(Items from a data source)
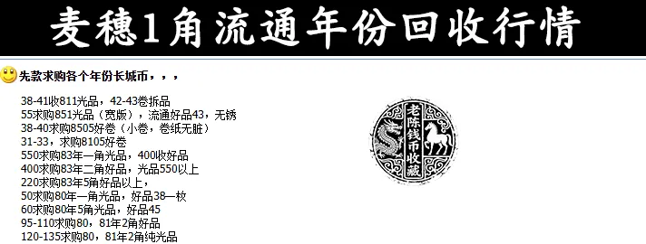 这一种咱们最后再说,咱们先说说大家熟悉的菊花1角和麦穗1角硬币。菊花1角硬币,说实话,现在太常见了,不过要是那种磨损不是很严重的话,还是有人在回收的,只是溢价不是很高而已。
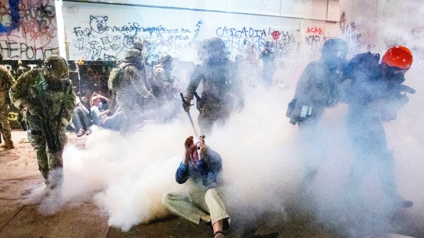 Trước khi đạo quân của Trump tới, đoàn biểu t́nh chỉ vài trăm người. Khi đạo quân chống khủng bố của Trump tới, dùng lựu đạn cay và nhiều biện pháp mạnh khác giải tán biểu t́nh, bây giờ mỗi đêm vài ngàn người xuống đường phản đối.
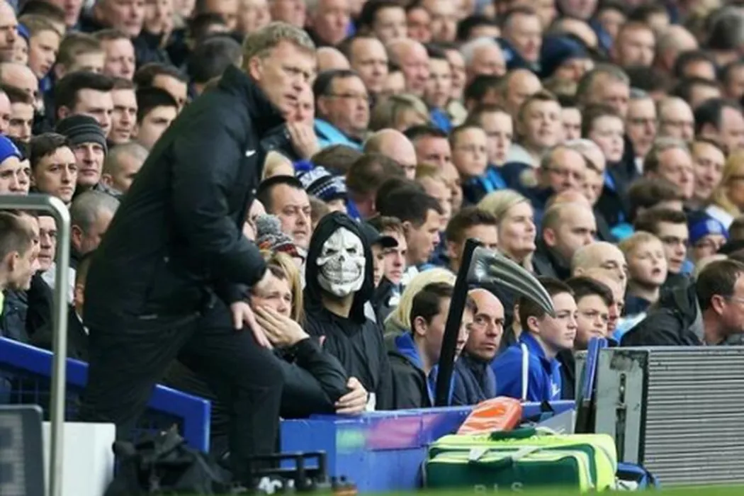 FOTO: Un fan îmbrăcat în „Moartea” s-a așezat lângă David Moyes. A fost o reclamă la o casă de pariuri
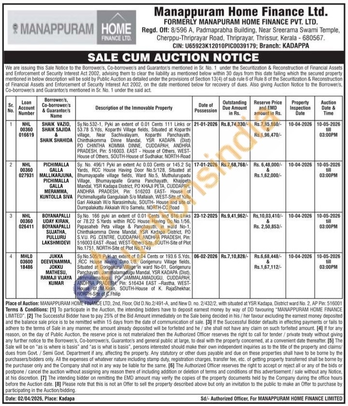 Sy.No. 166 pyki an extent of 0.01 Cents and 616 Links or 78.22 S.Yards within RCC House Having Do.No.1/56, Papasaheb Peta village & Panchayath, in ward No-1. Chinthakomma Dinne Mandal, YSR Kadapa District, P.O S.V.U. PG .CENTRE, CUDDAPAH, ANDHRA PRADESH, Pin: 516003 EAST-Road, WEST-Others Site, SOUTH-Site of Plot No. 1751, NORTH-Site of Plot No. 1749
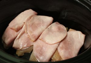 3. Lay 2 slices of ham over the top of each chicken breast.
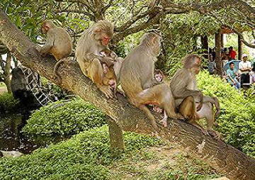 每群猴子都有两个猴王—— 大王和二王(或叫副王)。只有战胜(本群落中)所有公猴的猴子才可获得大王的地位。大王不在,副王才能指挥猴群。猴子总是在树上栖息,不步穴居,风雨天气也一样,因为蟒蛇是猴子们的宿敌。 多年来,有关部门对这里的猴群采取了一系列保护措施。目前,已经基本对部分猴子驯化成功。只要听到哨子响,它们便呼啦地奔下山来,在距人咫尺地方争食、追逐,有的甚至向客人招手或上前索取食物,但它们很少糟塌庄稼和伤害牲畜。猴群无愁无忧地生活在这个人为监护管理的大自然生物圈里。 南湾猴岛真正成了猴子的乐园。游客只要从陵水县县城沿海榆东线公路驱南行14公里,到达新村渔港,乘吊索渡过只有500米宽的浅海湾,步过海滩,进入茂密的热带丛林,就会看到这个得天独厚的“花果山”,看到孙大圣的子孙后代们逍遥自在的极乐世界了。 |
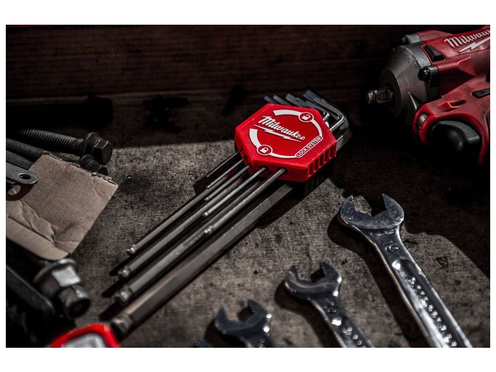 Sada imbusových klíčů vybavena inovativním držákem, který umožňuje snadný a rychlý přístup ke klíčům a jejich bezpečné uzamčení v případě přenášení. Klíče mají speciální zakončení, které umožňuje šroubování i pod úhlem až 30°. Díky tomu jsou tyto klíče ideální volbou při práci v těžko přístupných místech.
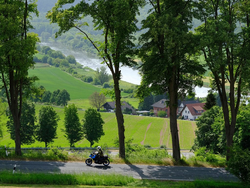 De naam zegt het al: in het Weserbergland draait alles om bochten en de gelijknamige rivier. Maar tijdens deze rit blijft het niet bij alleen mooie stuurwegen langs de Weser, we trekken ook oostwaarts en pakken een stukje van het dichtbeboste Solling-Vogler mee, waarbij onderweg verrassend veel cultuur de revue passeert, van mobiliteitsgeschiedenis tot porselein en een portie sterke verhalen.

Task directions:
Leave out every picture, and write out exactly the lines from the one with "3. Lay 2 slices" through the end of the records above, both ends included.

Exercise output:
 3. Lay 2 slices of ham over the top of each chicken breast.
 每群猴子都有两个猴王—— 大王和二王(或叫副王)。只有战胜(本群落中)所有公猴的猴子才可获得大王的地位。大王不在,副王才能指挥猴群。猴子总是在树上栖息,不步穴居,风雨天气也一样,因为蟒蛇是猴子们的宿敌。 多年来,有关部门对这里的猴群采取了一系列保护措施。目前,已经基本对部分猴子驯化成功。只要听到哨子响,它们便呼啦地奔下山来,在距人咫尺地方争食、追逐,有的甚至向客人招手或上前索取食物,但它们很少糟塌庄稼和伤害牲畜。猴群无愁无忧地生活在这个人为监护管理的大自然生物圈里。 南湾猴岛真正成了猴子的乐园。游客只要从陵水县县城沿海榆东线公路驱南行14公里,到达新村渔港,乘吊索渡过只有500米宽的浅海湾,步过海滩,进入茂密的热带丛林,就会看到这个得天独厚的“花果山”,看到孙大圣的子孙后代们逍遥自在的极乐世界了。 |
 Sada imbusových klíčů vybavena inovativním držákem, který umožňuje snadný a rychlý přístup ke klíčům a jejich bezpečné uzamčení v případě přenášení. Klíče mají speciální zakončení, které umožňuje šroubování i pod úhlem až 30°. Díky tomu jsou tyto klíče ideální volbou při práci v těžko přístupných místech.
 De naam zegt het al: in het Weserbergland draait alles om bochten en de gelijknamige rivier. Maar tijdens deze rit blijft het niet bij alleen mooie stuurwegen langs de Weser, we trekken ook oostwaarts en pakken een stukje van het dichtbeboste Solling-Vogler mee, waarbij onderweg verrassend veel cultuur de revue passeert, van mobiliteitsgeschiedenis tot porselein en een portie sterke verhalen.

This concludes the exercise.